Wednesday, July 8, 2015

Why is there the usual political partisanship? Thomas Sowell (Part 2)

Part 1 here.

On the constrained and unconstrained visions.

Thomas Sowell : "with visions it is different. These are the implicit assumptions with which you operate. You may not articulate them even to yourself, but you are assuming certain things when you talk or when you think. Seldom are those things spelled out."
Sowell's 'visions' are basically views about two things: human nature and social knowledge. 
To take human nature first: the constrained vision has a sober and unsentimental view about it. It holds that human nature is essentially fixed – people are as we find them, exhibiting a mixture of motives, some social and some anti-social. Thus, if it is to succeed, public policy has to run with the grain of human nature as we know it and to avoid assuming that it will change in such a way as to help policy to succeed. This means that, in order to improve society, we must focus on institutions and try to understand the incentives people have to behave in social or anti-social ways. 
The unconstrained vision, by contrast, is optimistic about improving human nature. It sees people as naturally social and perfectible. Public policy is therefore not a matter of incentives but of freeing people to realise their natural, and naturally good, selves and educating them to conform to a new order.
A quite concise summary helpfully provided by New Zealand?

Finally, Thomas Sowell provides useful real life historical examples. The American Revolution and the French Revolution.
Well in France the idea was that if you simply put the right people in charge and created the right institutions, then all these problems would go away.
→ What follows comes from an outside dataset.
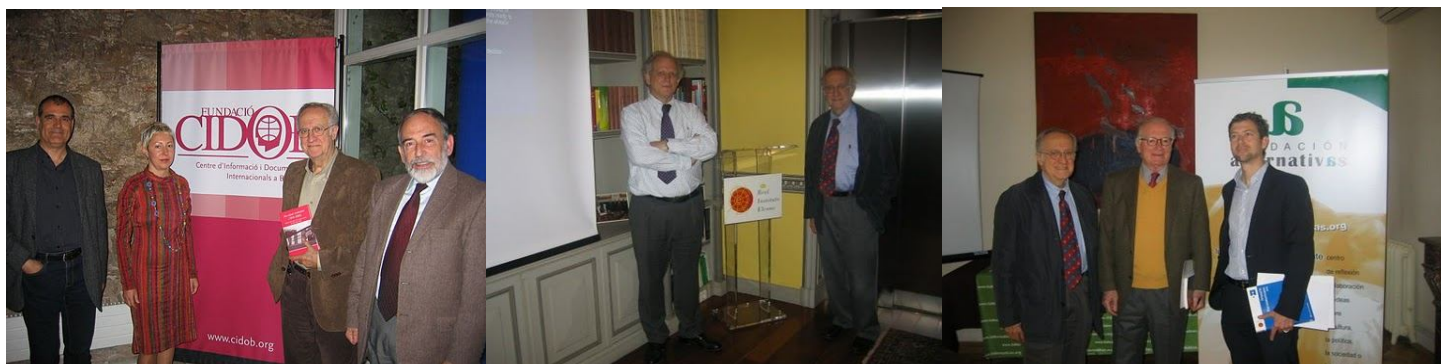
University of Barcelona, Spain, April 8, 2010 Real Instituto, Eclano, Spain, April 12, 2010 Fundación Alternativas, Spain, April 15, 2010

In the United States, it was assumed from the outset that there were very limited things you could do and what you needed to do above all was to minimize the damage done by the flaws of human nature. This is why the United States for example has the Constitution, so much lamented by some of those who believe in the French Revolution in which this group is offset by that group and nobody can sort of run wild. If you believe that what you need is to have the right leaders who love the people and so on, a Messiah as it were, then your problems are solved. But if you do not believe there is any political Messiah, and you believe that you have to make sure that all people are restrained in what they are able to do, then you have the separation of power, you have elections, you have Constitutions, you have all kinds of things hemming you in. According to Houssay who was a great supporter of the French Revolution, could not understand why there was this separation of powers. Not even when at the end of his life, he was arbitrarily thrown into prison where he continued to write about why the Americans have this separation of power. And of course if there is going to be a separation of power he would not be rotting in prison. 
In other words, in the constrained vision, human nature = good. In the unconstrained vision, human nature = bad.